L’employeur doit remettre au salarié son contrat de travail afin d’officialiser leur engagement. L’absence de remise du contrat de travail ou une remise tardive peuvent en effet avoir des conséquences financières que nous allons aborder dans cet article.
Moyen de transmission du contrat de travail
Bien que les textes ne précisent pas le mode de transmission du contrat de travail, il est préférable de remettre celui-ci en mains propres en raison du temps que prendrait un envoi par courrier, même en livraison expresse. Les délais ont en effet une incidence.
Délais de transmission du contrat de travail
Le Code du travail prévoit que le contrat de travail soit transmis par l’employeur au salarié au plus tard dans les 2 jours ouvrables (c’est-à-dire tous les jours de la semaine sauf le jour de repos hebdomadaire, en général le dimanche) suivant l’embauche.

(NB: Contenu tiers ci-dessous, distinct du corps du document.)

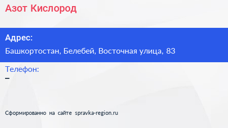 Азот-Кислород по адресу Башкортостан, Белебей, Восточная улица, 83 в дальнейшем Организация, размещена в следующих категориях: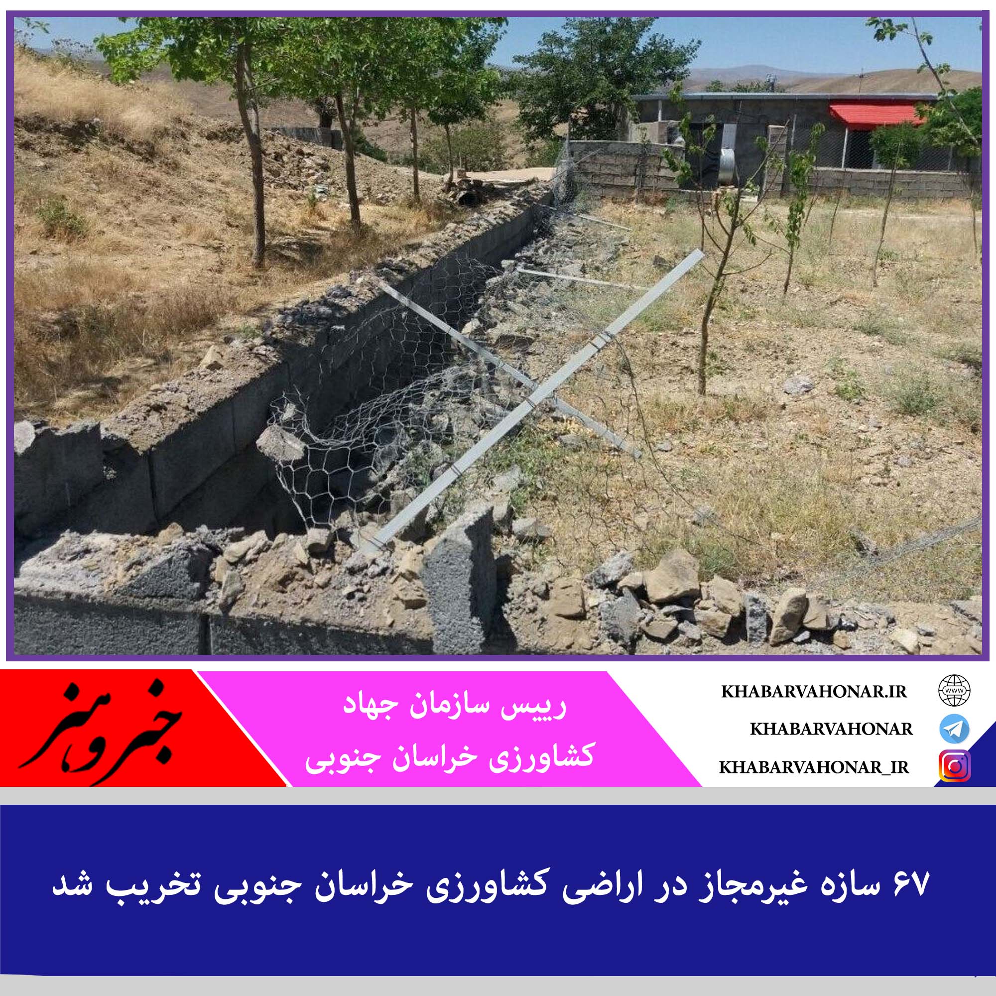 رییس سازمان جهاد کشاورزی خراسان جنوبی گفت: از ابتدای امسال تاکنون ۶۷ مورد ساخت و ساز غیرمجاز در اراضی کشاورزی استان تخریب و ۳۴ مورد تغییر کاربری غیرمجاز نیز شناسایی شد.
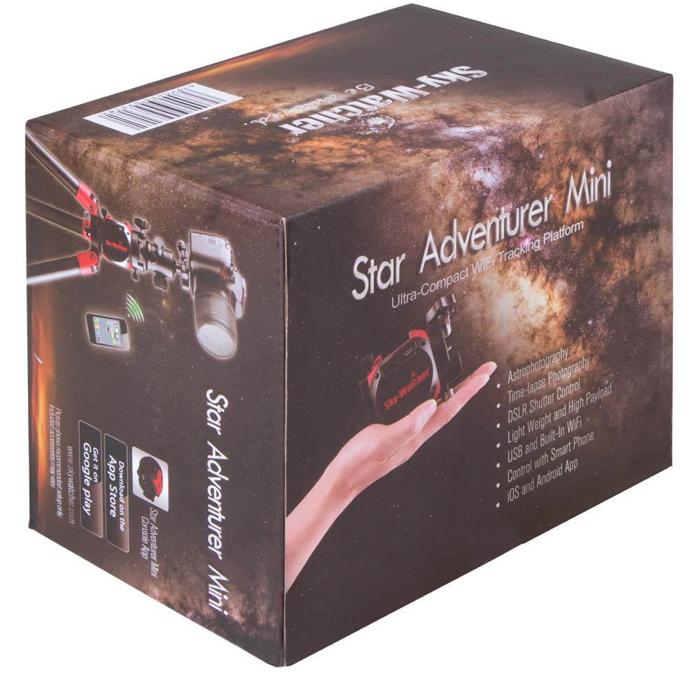 Sky-Watcher Star Adventurer Mini – монтировка-астротрекер, которую по достоинству оценят любители астрофотографии. Она компактная, легкая, надежная и позволяет с максимальным комфортом фотографировать ночное небо. На монтировку можно установить фотоаппарат или оптическую трубу весом не более 3 кг. Для этого используется стандартное крепление «ласточкин хвост». Sky-Watcher Star Adventurer Mini – прекрасный выбор для поездок и походов, так как она без труда помещается в небольшой рюкзак или сумку.

Le jour de l’embauche n’est pas compté dans ces 2 jours.
Exemple : si un salarié est embauché le 3 avril, l’employeur doit lui transmettre le contrat au plus tard dans la journée du 5 avril.

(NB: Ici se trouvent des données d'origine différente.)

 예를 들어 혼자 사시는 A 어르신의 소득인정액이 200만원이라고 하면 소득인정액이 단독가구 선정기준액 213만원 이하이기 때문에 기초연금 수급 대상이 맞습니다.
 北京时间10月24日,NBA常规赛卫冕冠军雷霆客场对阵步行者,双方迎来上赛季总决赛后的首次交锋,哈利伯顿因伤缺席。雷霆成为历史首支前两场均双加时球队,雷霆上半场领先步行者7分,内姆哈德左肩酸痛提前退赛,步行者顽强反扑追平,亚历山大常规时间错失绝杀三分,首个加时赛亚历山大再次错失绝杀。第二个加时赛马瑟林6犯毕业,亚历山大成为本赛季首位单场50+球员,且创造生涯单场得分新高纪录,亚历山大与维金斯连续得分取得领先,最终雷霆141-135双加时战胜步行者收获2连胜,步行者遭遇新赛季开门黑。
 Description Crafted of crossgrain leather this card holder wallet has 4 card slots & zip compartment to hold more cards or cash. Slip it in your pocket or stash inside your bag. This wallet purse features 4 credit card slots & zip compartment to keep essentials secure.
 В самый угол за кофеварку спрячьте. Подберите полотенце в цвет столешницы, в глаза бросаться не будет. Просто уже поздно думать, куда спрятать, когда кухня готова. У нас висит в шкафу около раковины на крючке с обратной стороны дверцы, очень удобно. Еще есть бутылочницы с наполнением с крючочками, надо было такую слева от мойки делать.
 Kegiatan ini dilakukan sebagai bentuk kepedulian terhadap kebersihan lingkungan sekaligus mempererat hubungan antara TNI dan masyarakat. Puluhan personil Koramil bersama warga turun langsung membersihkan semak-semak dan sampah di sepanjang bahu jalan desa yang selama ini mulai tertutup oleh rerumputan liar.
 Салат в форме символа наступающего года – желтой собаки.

Conséquences du non-respect des délais
Une transmission après les 2 jours ouvrables suivant l’embauche ouvre droit, pour le salarié, au paiement d’une indemnité par l’employeur, laquelle ne peut pas dépasser 1 mois de salaire. Le salarié qui souhaite obtenir cette indemnité peut aller devant le conseil des prud’hommes pour en faire la demande. De plus, le Code du travail prévoit une amende de 3 750 € pour l’employeur qui ne respecte pas le délai de remise du contrat.

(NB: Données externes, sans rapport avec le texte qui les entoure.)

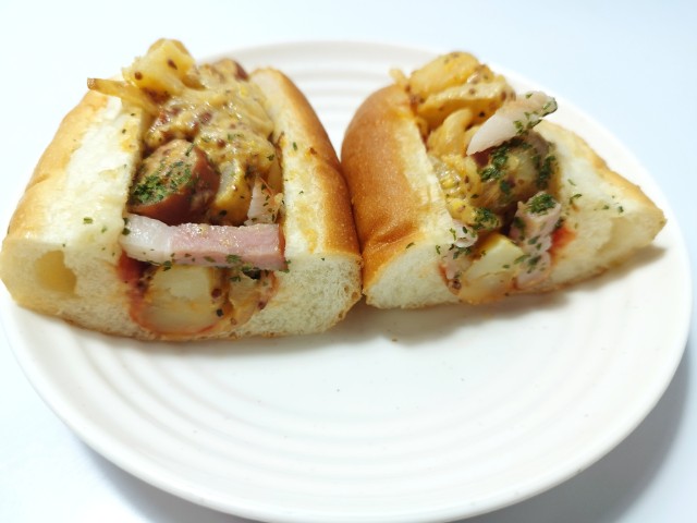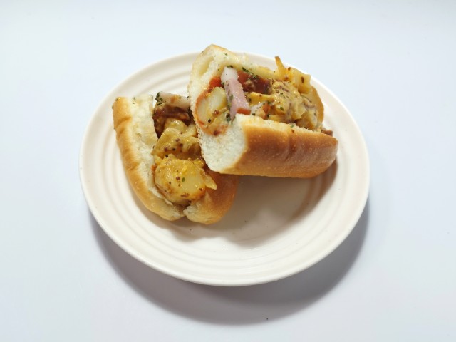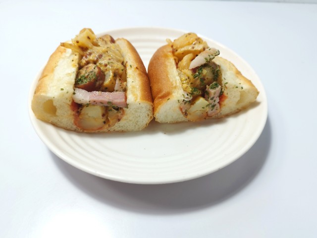 ジャーマンポテトを挟んだロールパンです。ジャーマンポテトとロールパンの組み合わせに惹かれて買ってみました。そんなジャーマンポテトロールですが、パン生地は温めたのもありますが、しっとりとした食感と小麦の風味で、安定の美味しさです。ジャーマンポテトはじゃがいもの味わいとソーセージの旨味、玉ねぎの甘味があって、生地とのバランスも良いです。ポイントは味付けで、粒マスタードやトマトケチャップ、マヨネーズ、胡椒といった調味料を上手く組み合わせる事で、ジャーマンポテトの美味しさがさらに引き立っています。大きさは普通のコッペパンくらいで、小腹が空いた時や主食にあと一品追加したい時にピッタリです。ぜひジャーマンポテトロールを食べてみて下さい。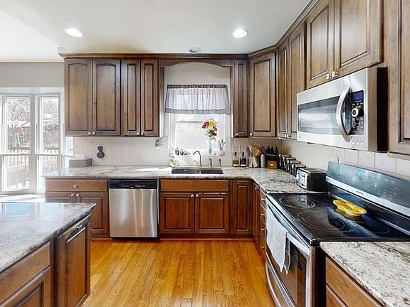 Beautiful tri level with an added bonus room/bedroom (non conforming) on a lower fourth level. Amazing mountain views on 1/2 an acre with a large back yard, patio and plenty of room for R/V storage. Main floor living room and lower level family room allow for separate entertaining. The kitchen has custom cherry cabinets with pull out shelves and two pantries, granite countertops and an island with bar seating. A large bay window in the dining area allows for tons of natural light. The back yard is ideal for entertaining with stone patios with a fire pit, raised garden beds and a private patio. The attached 2 car garage has storage behind plus there is a 9'10 x 20'2 "She shed" that could be used for additional storage or hobbies. Seller intends to clean up landscaping, remove damaged fence in back yard and fix siding.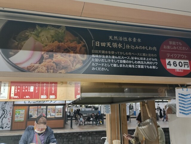 この日宿泊予定の東横イン北九州空港にはカレーサービスがあるので基本に立ち返り、ホームでかしわうどん500円をいただきました。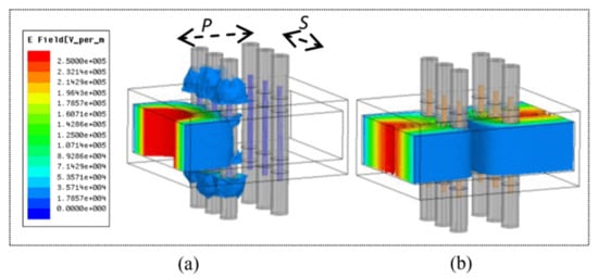 Electric field distribution of the proposed microfluidic switch: (a) OFF state (LM inserted); (b) ON state (LM removed). Reprinted with permission from Ref. []. Copyright 2017 IEEE.
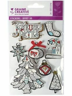Graine Créative 6 Stickers 3D Médaillons De Noël 4 Cm + 20 étiquettes Kraft Fanion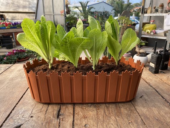 אדנית גינה עם תחתית מובנית ובתוכה 4 שתילי חסה רומית מלבלבת. לקנות מוכן ולהניח במרפסת או בגינה!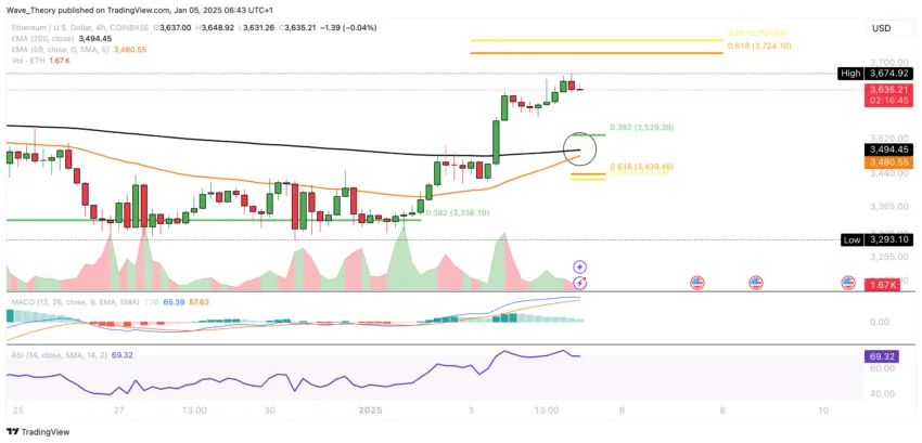 Der Ethereum Kurs konnte an der 0,382 Fib Unterstützung bei rund 3.336 USD bullisch abprallen und in Zuge dessen den 50-Tage-EMA Widerstand bei rund 3.440 USD überwinden.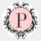 Black White Wedding Monogram P Damask Pink Label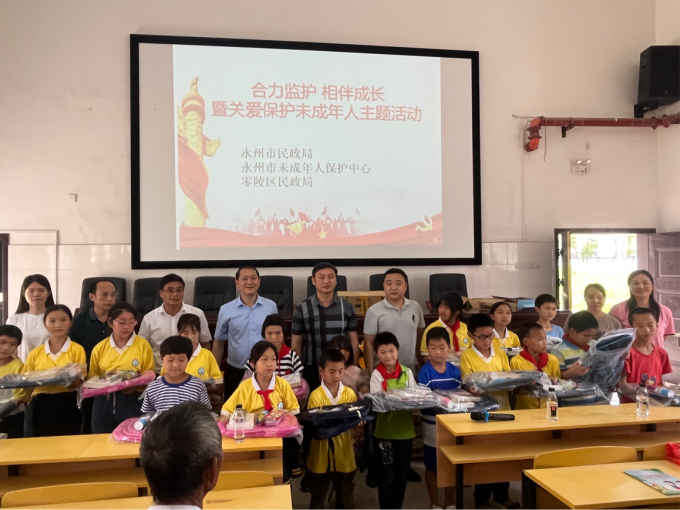 为进一步加强农村留守儿童关爱保护工作,提高农村留守儿童的自我保护意识,营造“关爱留守儿童”的良好社会氛围。6月27日上午,石山脚街道委员工作室联合永州市民政局、永州市未成年人保护中心、零陵区民政局在零陵区五里堆小学组织开展“合力监护 相伴成长”暨关爱保护未成年人主题活动,为该校的留守儿童送来书包、文具、彩笔以及油、米、牛奶等学习和生活用品。

Par ailleurs, si le contrat conclu est à temps partiel, l’employeur risque, en l’absence de remise ou de remise tardive, une requalification du temps partiel en temps plein si le salarié en fait la demande au conseil des prud’hommes. Cette requalification est coûteuse, l’employeur pouvant être condamné à verser au salarié un rappel de salaire sur la base d’un temps plein !
Risques de travail dissimulé
Même si le salarié accepte le fait que le contrat ne lui soit pas remis, l’employeur n’est pas exempt de poursuites. Les agents habilités à lutter contre le travail illégal, comme l’inspecteur du travail, peuvent remarquer lors d’un contrôle dans l’entreprise que le salarié ne détient pas de contrat de travail et constater le travail dissimulé lorsque l’employeur n’a pas voulu déclarer le salarié. Les sanctions du travail dissimulé sont lourdes. Les peines prévues pour l’employeur sont celles du travail illégal :
- une peine d’emprisonnement pouvant aller jusqu’à 3 ans et 45 000 € d’amende ;
- la suppression des aides publiques (exonérations de charges sociales ou des aides attachées au contrat d’apprentissage, par exemple), pendant 5 ans maximum ;
- le remboursement des aides publiques déjà perçues sur les 12 derniers mois ;
- une exclusion des contrats publics pendant 6 mois maximum ;
- une fermeture administrative temporaire pouvant aller jusqu’à 3 mois engagée par le préfet (ou le préfet de police à Paris) ; le matériel professionnel peut également être saisi.
Dans le cadre d’une infraction de travail dissimulé, l’URSSAF n’est pas tenue d’établir l’intention frauduleuse de l’employeur pour procéder à un redressement (Cass. 2e civ., 9 juillet 2020, n° 19-11.860).